* **Instructions to follow**
Your answer must be the lines from the one containing "Stylish athletic sneakers" through the last line below, copied exactly, with no pictures.

#### Input data

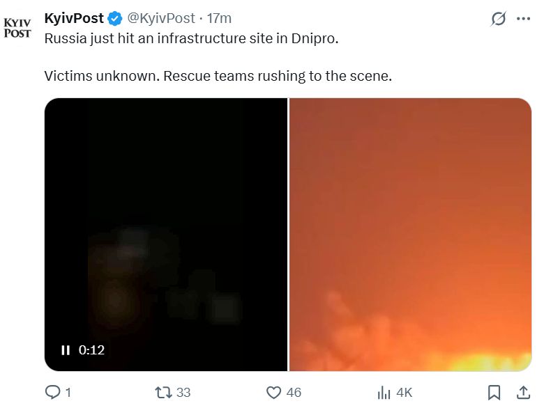Podaje, że Rosjanie ostrzelali również miasto Dniepr, niszcząc infrastrukturę.
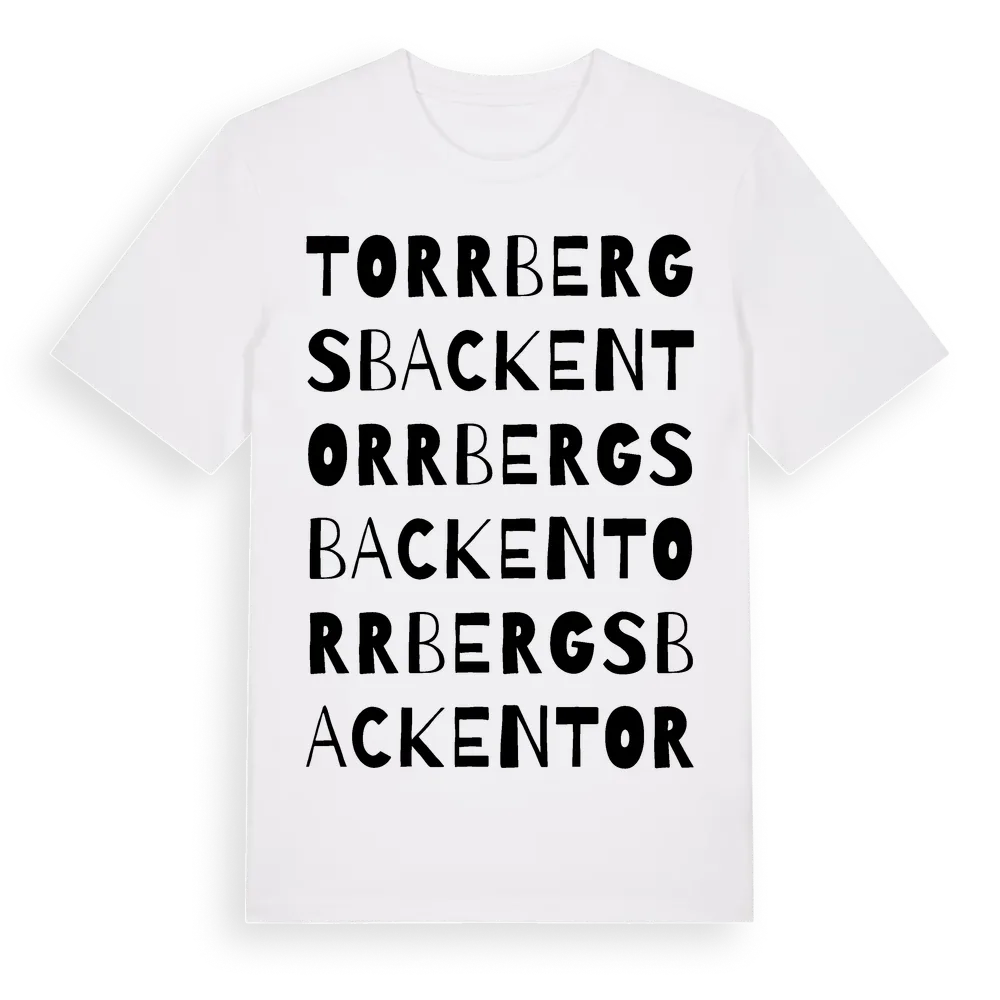 Torrbergsbacken ordlek t-shirt är inspirerad av Torrbergsbacken i Värmlands län, Sverige. Tröjan är designad för dig som har en speciell koppling till platsen – oavsett om du bor här, har rötterna här eller bara älskar Torrbergsbacken.
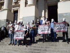 El grupo de manifestantes llegó desde Villa María y en la hora pico sus integrantes se calzaron máscaras con los rostros de Roganti, Márquez, Bessonart y otras caretas blancas que recordaban a los 25 asesinados.
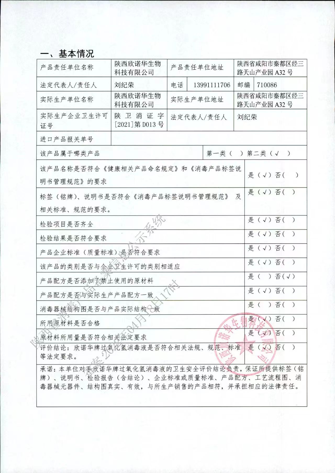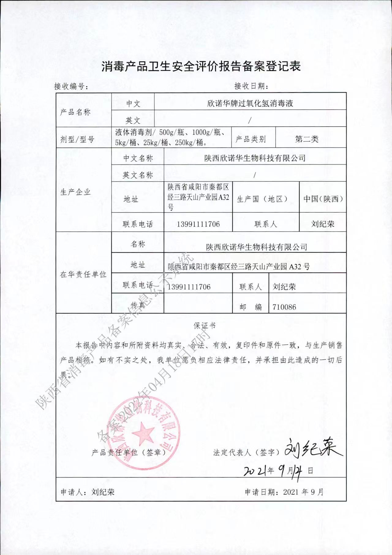 欣諾華牌(食品級雙氧水)過氧化氫消毒液安全評價報告-陜西欣諾華生物科技有限公司
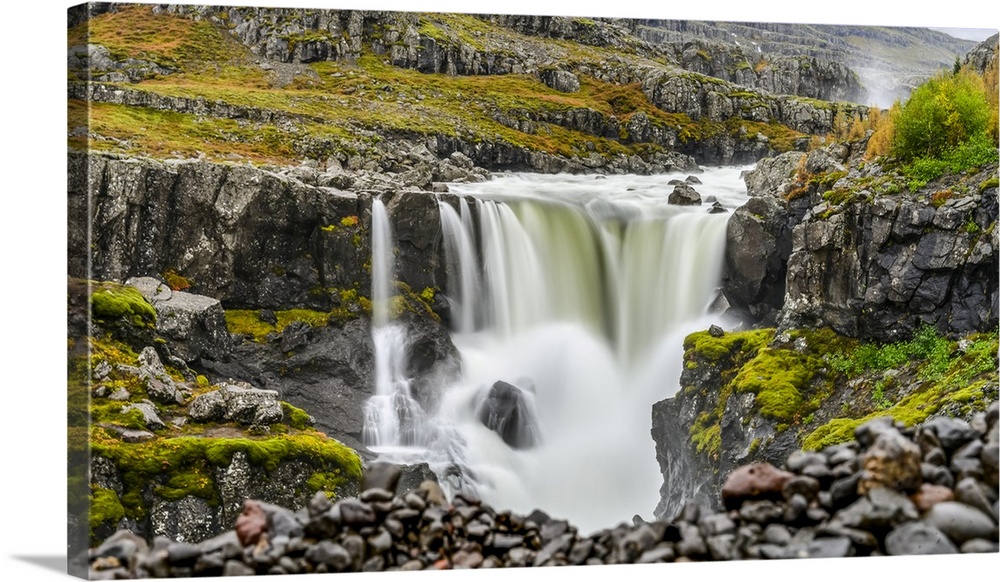 <p>A waterfall over a rocky landscape in autumn colours; Djupivogur, Eastern Region, Iceland.</p>
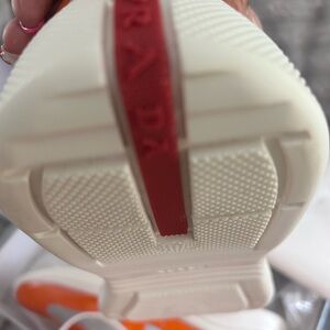 Stylish athletic sneakers in vibrant orange and white. Perfect for sports and casual wear.
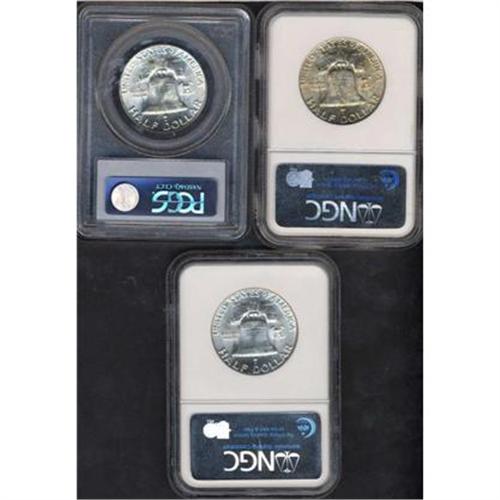 <b>Lot of Three Franklin Half Dollars.</b> Includes: 1959 PCGS MS65FBL, 1959-D NGC MS64, and 1960 NGC MS64. Lot of 3 coins.
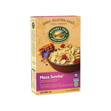 Nature's Path Organic Mesa Sunrise Cereal is a unique gluten-free, wheat-free medley of Indian corn, flax, and amaranth blended into crunchy, golden cereal flakes.
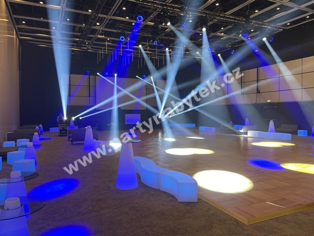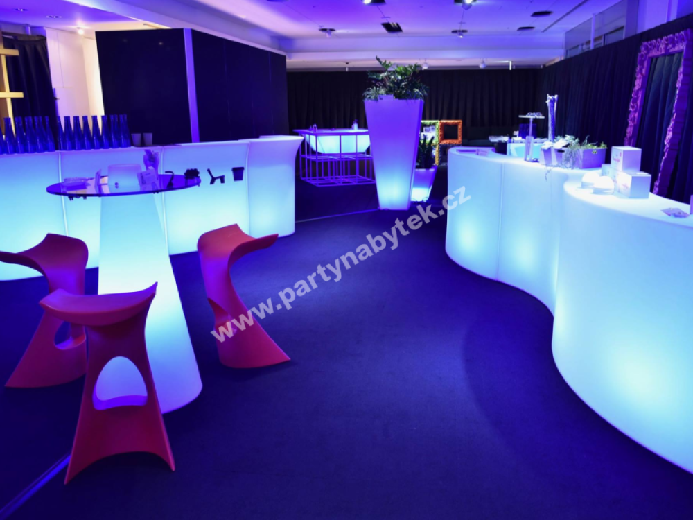 Stůl je doplněn RGB LED podsvícením na baterii, s dálkovým ovládáním, které umožňuje funkce různých barev a intenzity. Svítí s vlastním zdrojem bez kabelu, s výdrží cca 8 hodin.

########

* **Completed exercise**
 Stylish athletic sneakers in vibrant orange and white. Perfect for sports and casual wear.
 <b>Lot of Three Franklin Half Dollars.</b> Includes: 1959 PCGS MS65FBL, 1959-D NGC MS64, and 1960 NGC MS64. Lot of 3 coins.
 Nature's Path Organic Mesa Sunrise Cereal is a unique gluten-free, wheat-free medley of Indian corn, flax, and amaranth blended into crunchy, golden cereal flakes.
 Stůl je doplněn RGB LED podsvícením na baterii, s dálkovým ovládáním, které umožňuje funkce různých barev a intenzity. Svítí s vlastním zdrojem bez kabelu, s výdrží cca 8 hodin.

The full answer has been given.